**Work to be completed**
For the material below, the expected output is exactly the lines between the line holding "Les dimensions vont" and the line holding "Sunameriの試作車で遊", inclusive, with pictures left out.

**Available data**

BEGIN

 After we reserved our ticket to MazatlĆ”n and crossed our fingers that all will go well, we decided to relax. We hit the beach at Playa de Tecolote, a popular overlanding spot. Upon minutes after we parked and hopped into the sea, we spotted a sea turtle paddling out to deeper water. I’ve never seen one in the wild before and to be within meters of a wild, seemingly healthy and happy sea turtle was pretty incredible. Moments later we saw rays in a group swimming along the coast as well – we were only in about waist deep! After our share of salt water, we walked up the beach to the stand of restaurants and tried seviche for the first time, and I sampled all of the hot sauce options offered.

END
BEGIN

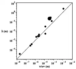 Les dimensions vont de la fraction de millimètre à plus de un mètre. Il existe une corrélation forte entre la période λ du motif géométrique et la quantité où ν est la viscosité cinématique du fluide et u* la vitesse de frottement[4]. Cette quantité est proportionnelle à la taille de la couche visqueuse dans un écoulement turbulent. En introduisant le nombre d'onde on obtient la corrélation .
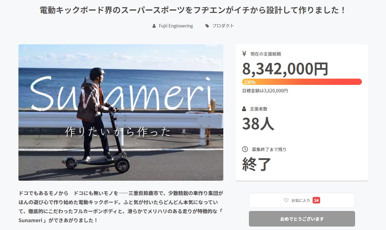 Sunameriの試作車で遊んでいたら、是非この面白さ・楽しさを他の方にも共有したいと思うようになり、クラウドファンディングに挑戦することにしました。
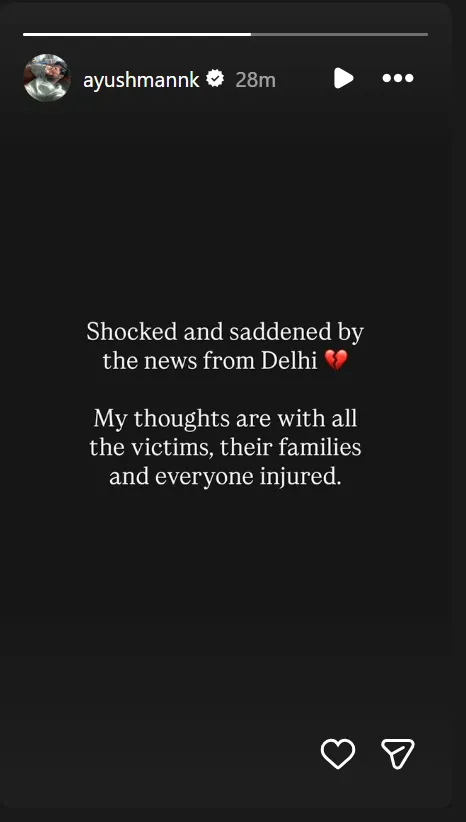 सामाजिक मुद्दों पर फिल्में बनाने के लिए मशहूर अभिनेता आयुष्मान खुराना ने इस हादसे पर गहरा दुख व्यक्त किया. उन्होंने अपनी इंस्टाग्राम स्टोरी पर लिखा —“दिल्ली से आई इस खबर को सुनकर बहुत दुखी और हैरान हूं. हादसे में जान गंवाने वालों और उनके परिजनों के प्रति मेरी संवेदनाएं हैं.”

END
BEGIN

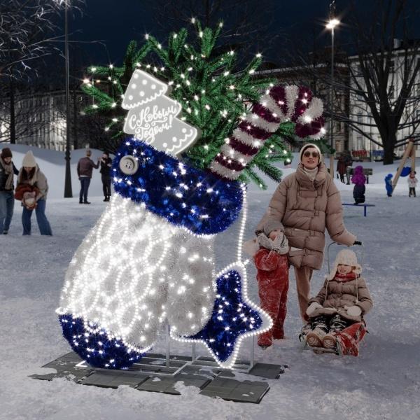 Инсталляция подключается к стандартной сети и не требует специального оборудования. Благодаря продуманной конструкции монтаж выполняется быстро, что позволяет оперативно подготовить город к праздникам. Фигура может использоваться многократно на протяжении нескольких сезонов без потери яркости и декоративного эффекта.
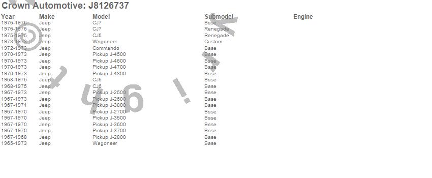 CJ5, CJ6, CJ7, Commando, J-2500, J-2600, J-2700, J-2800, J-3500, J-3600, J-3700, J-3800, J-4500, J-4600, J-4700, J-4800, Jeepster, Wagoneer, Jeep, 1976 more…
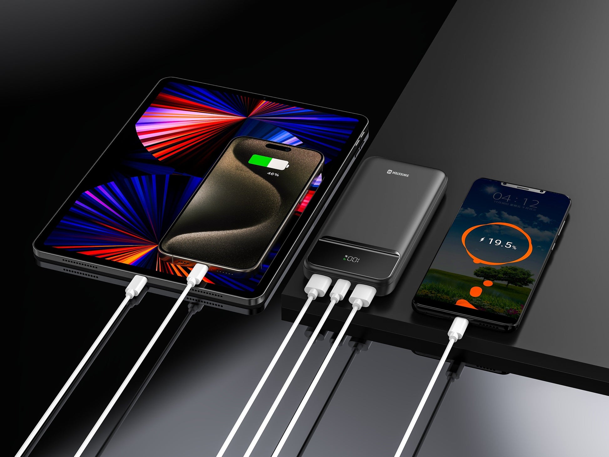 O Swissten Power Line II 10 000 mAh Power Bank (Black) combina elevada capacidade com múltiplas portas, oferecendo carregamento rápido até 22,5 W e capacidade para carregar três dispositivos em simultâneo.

END

**Response area**
 Les dimensions vont de la fraction de millimètre à plus de un mètre. Il existe une corrélation forte entre la période λ du motif géométrique et la quantité où ν est la viscosité cinématique du fluide et u* la vitesse de frottement[4]. Cette quantité est proportionnelle à la taille de la couche visqueuse dans un écoulement turbulent. En introduisant le nombre d'onde on obtient la corrélation .
 Sunameriの試作車で遊んでいたら、是非この面白さ・楽しさを他の方にも共有したいと思うようになり、クラウドファンディングに挑戦することにしました。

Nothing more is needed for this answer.